When the country joined the Euro in 2001, it eliminated the ability for the country to adjust its currency.
It has 11 million people and an economy about the size of Connecticut’s, as Katie Couric reported for Yahoo Finance.
The Greek government has reversed its opposition of a new round of austerity measures that include sales tax hikes and cuts in state spending for pensions. By doing so, Athens conceded to demands of its European creditors in return for a $59 billion bailout package. This helps avoid a collapse of the economy in Greece and should stabilize market volatility across the globe. The problem is that the estimated amount required to bail out the Greeks has risen to $96 billion, and the figure may be hard for the European bankers to swallow.

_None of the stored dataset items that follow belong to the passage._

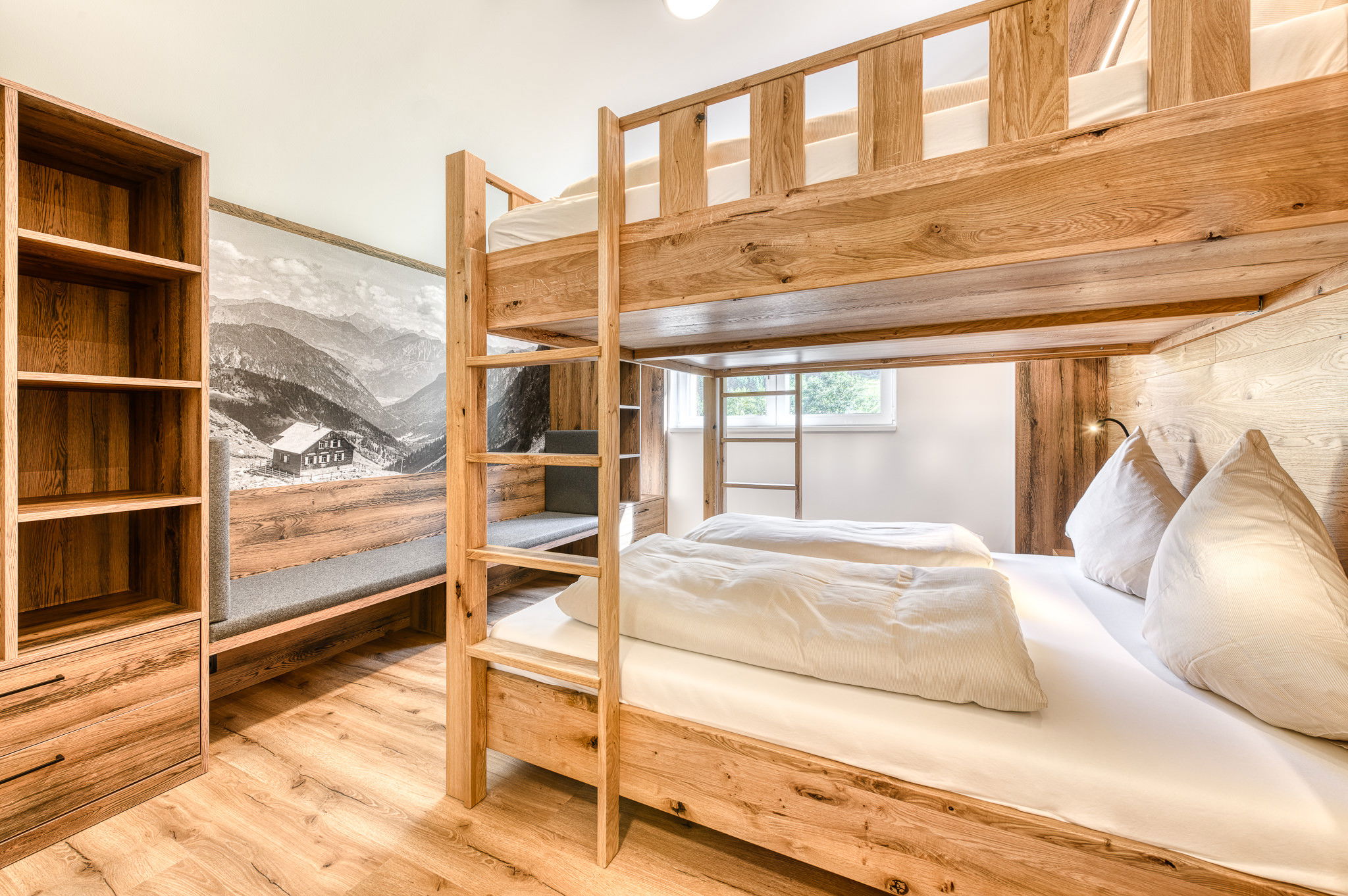 It offers two bedrooms and two shower bathrooms. One bedroom features a comfortable double bed, while the second bedroom is designed as a high-quality bunk-bed room made of solid wood. Warm tones and clear lines create cozy, protected sleeping areas that are especially popular with children and teenagers.
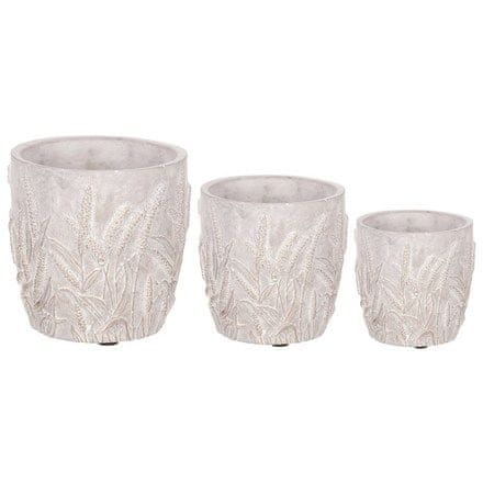 Naziv: Betonska posuda – dekor žitarica, siva boja, cijena za set od 3 komada
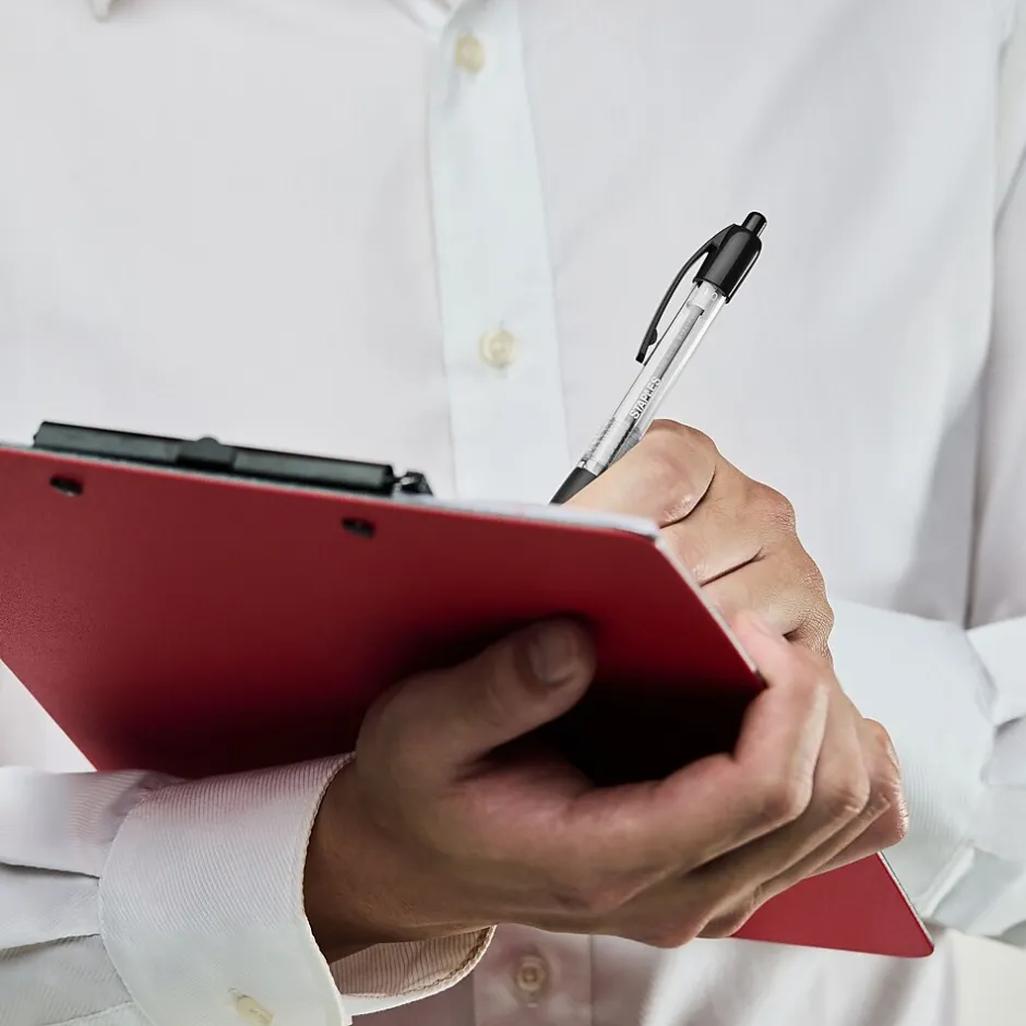 The retractable ballpoint pen with black ink features a medium 1.0mm tip for bold writing. This pen has a grip for a comfortable writing experience and is sold as a convenient 12 pack.
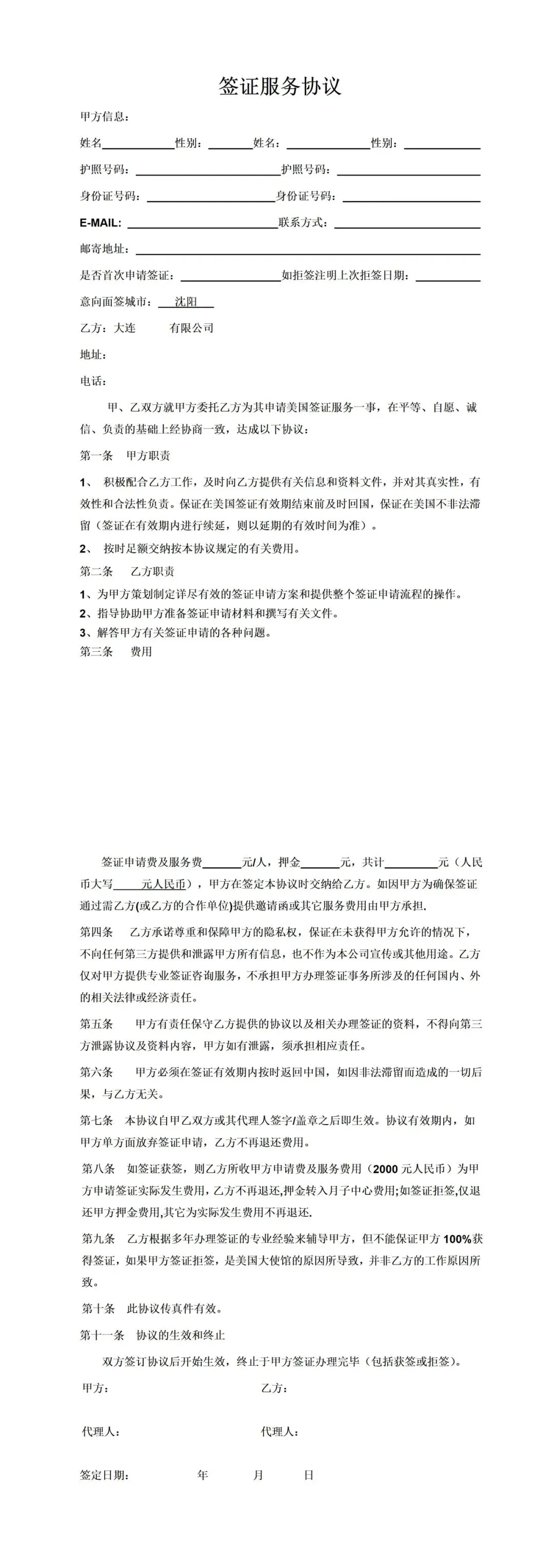 本文分享:15份出国协议
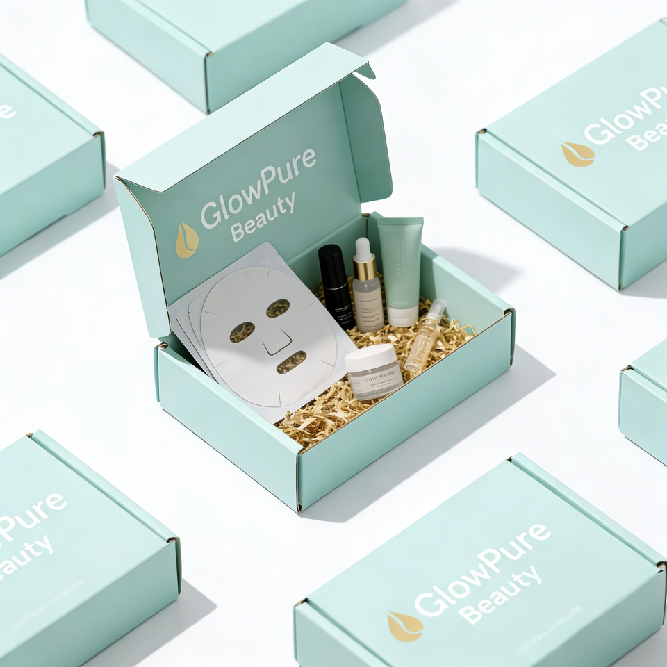 กล่องบรรจุภัณฑ์เครื่องสำอางแบบกำหนดเองรักษ์โลก กล่องไปรษณีย์สำหรับส่งผลิตภัณฑ์ดูแลผิว พิมพ์สีเต็มรูปแบบ โรงงาน OEM ส่งตรง

Avoiding a meltdown of the Greek economy is important in the long run for small business owners in the U.S., despite the fact that Greece is half a world away. The 21st century economy is interconnected as never before. Thus, when markets are shaky, lenders become increasingly more risk averse, which in turn, makes it more difficult for entrepreneurs to secure the capital they need for growth.
Greece is not the only country with economic woes; Italy, Portugal and Ireland.